In the instant case, the defendant's statements were sufficient to establish that defendant was a middleman or supplier to another supplier, but there is no evidence that defendant agreed to aid the purchaser in delivering to a third person. Thus, there was an insufficient factual basis to support the conspiracy with which defendant was charged.

Reversed and remanded to allow the defendant an opportunity to withdraw his guilty plea.

NOTES

[1] People v Nickerson (Docket No. 28350, decided April 1, 1977 [unreported]).
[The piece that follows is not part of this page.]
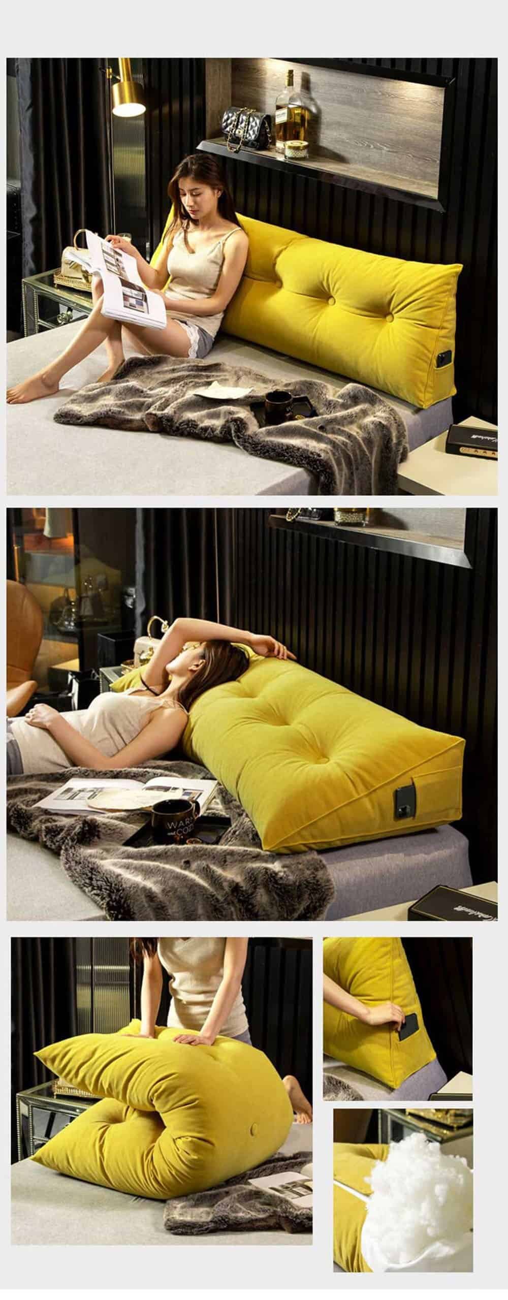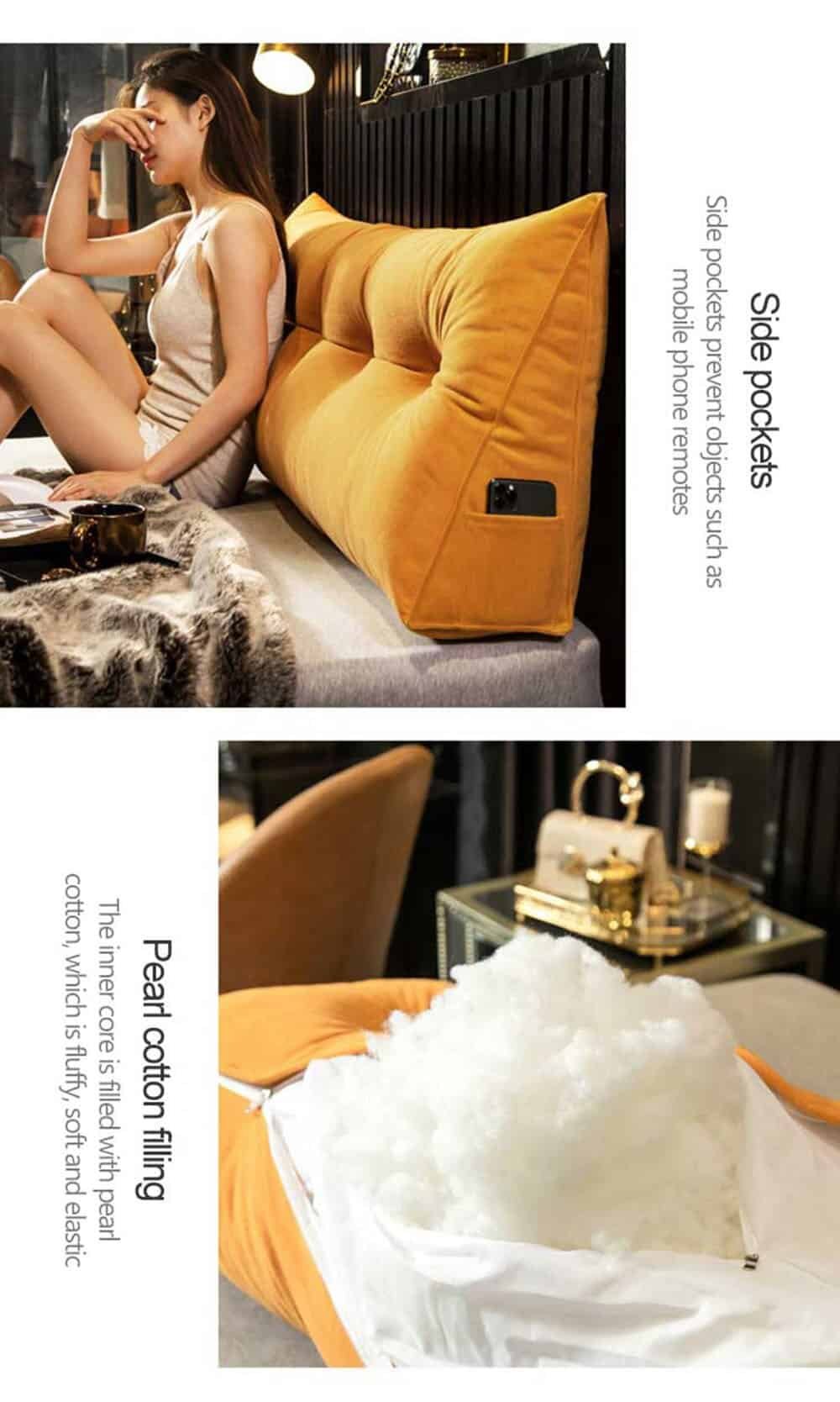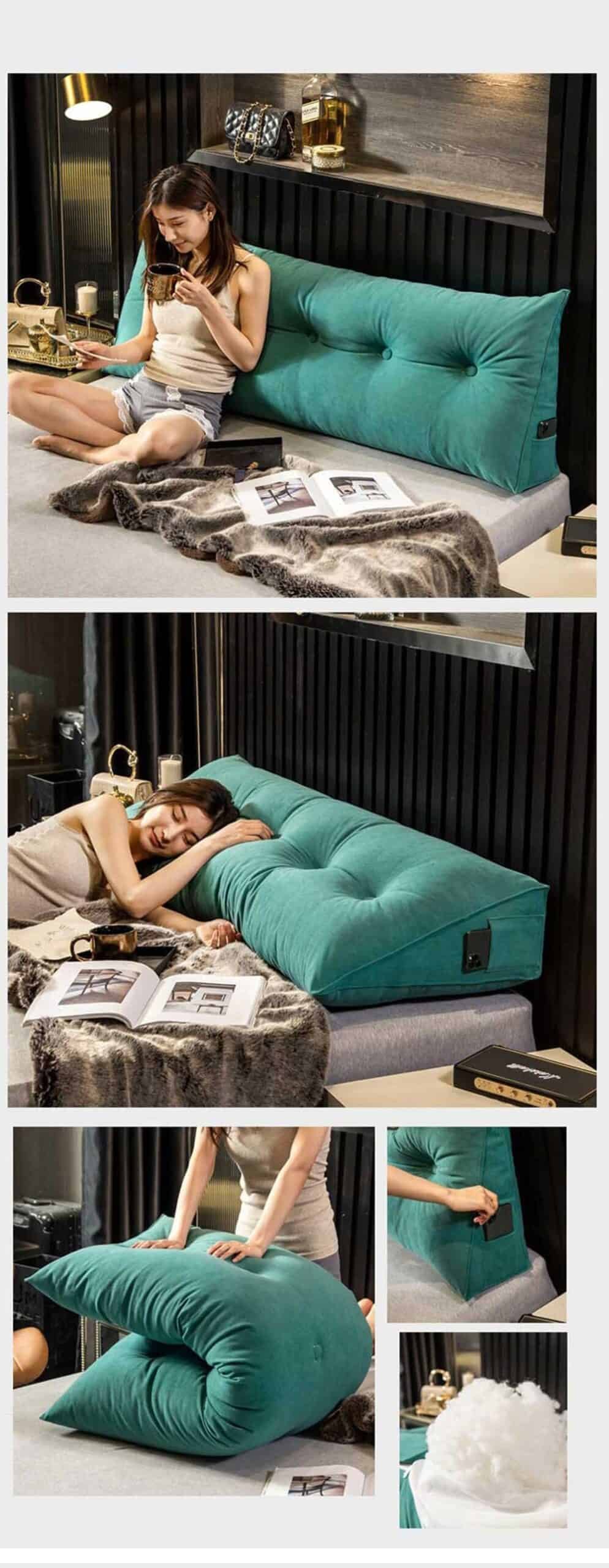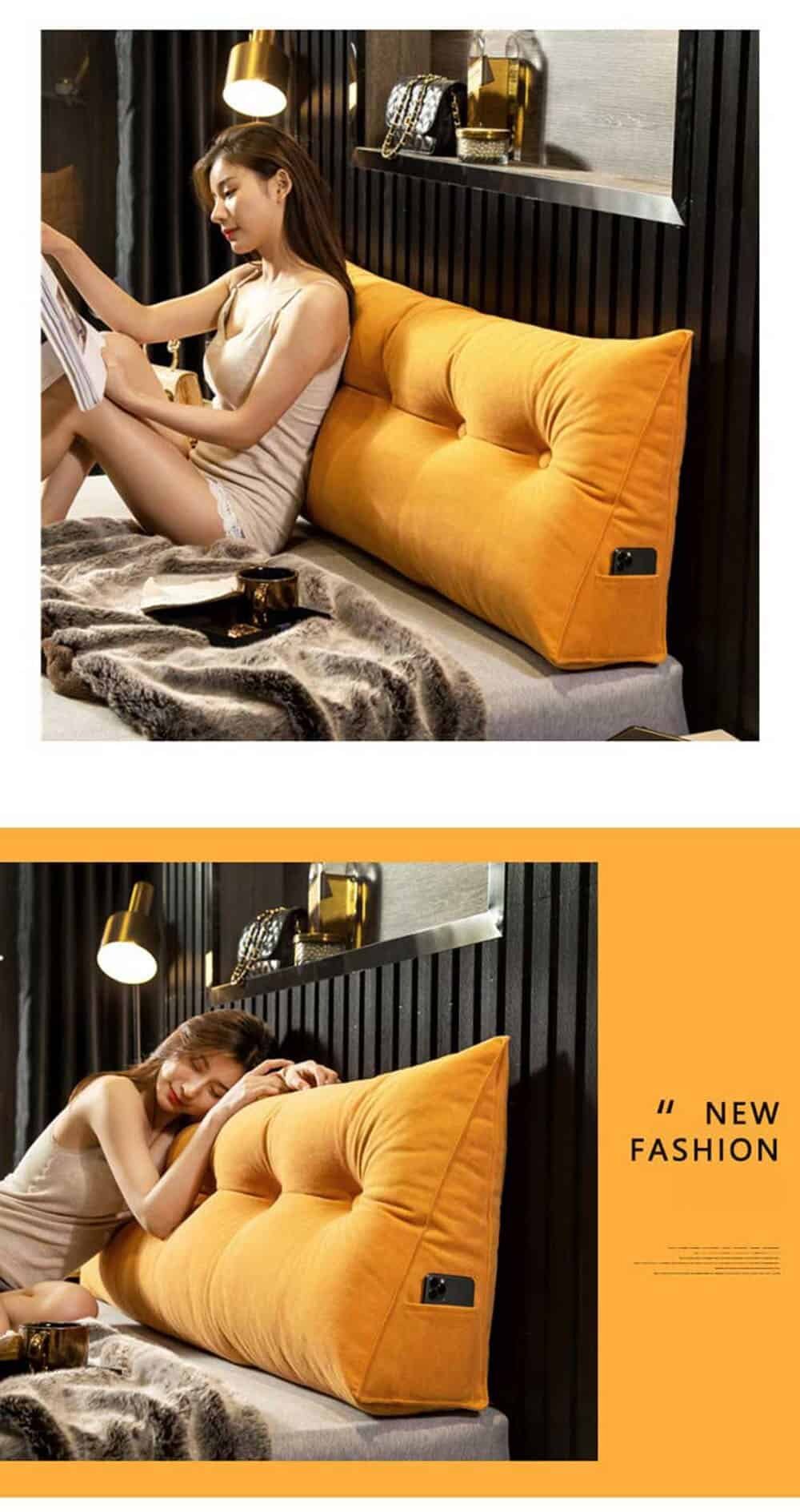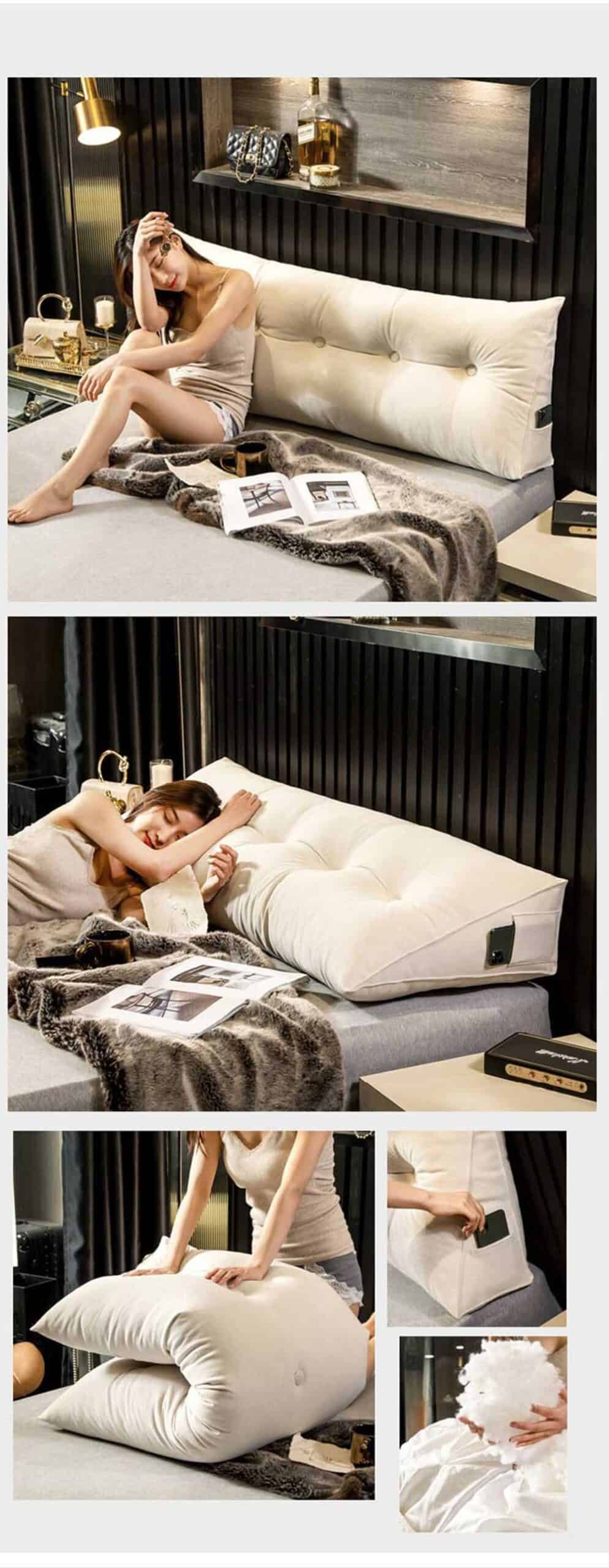 You love sitting in bed to read a book, but regular pillows can’t provide a balance between comfort and a healthy posture that doesn’t leave you with back pain the next day, right? Our wedge pillow headboard will solve this problem. This pillow helps you protect your waist, back, head, provides a comfortable environment when you want to lean against the headboard to read a book or use your phone. The product is made of high-quality cotton plush, the high-density PP cotton has good elasticity, providing softness while remaining just the right amount of firmness for you to lean on. It has a convenient zipper design, making it easy to peel off for washing. This is not only a convenient item but also adds a luxurious look to your bedroom. Get it now!

[2] We note that in its present form, GCR 1963, 785.7(1)(b) only requires the trial court to inform defendant of the maximum possible prison sentence for the offense. Apparently, under the present rule, the failure to mention the possibility of a fine would not be erroneous. However, this would not change our holding in the instant case, since a trial court could not validly impose a fine where there is a sentence bargain without informing the defendant about the fine prior to accepting his plea.

[3] We distinguish People v Cueller, 73 Mich. App. 88; 250 NW2d 553 (1976), where the Court decided that any error in failing to inform defendant of a possible $2,500 fine was harmless because there was no fine imposed.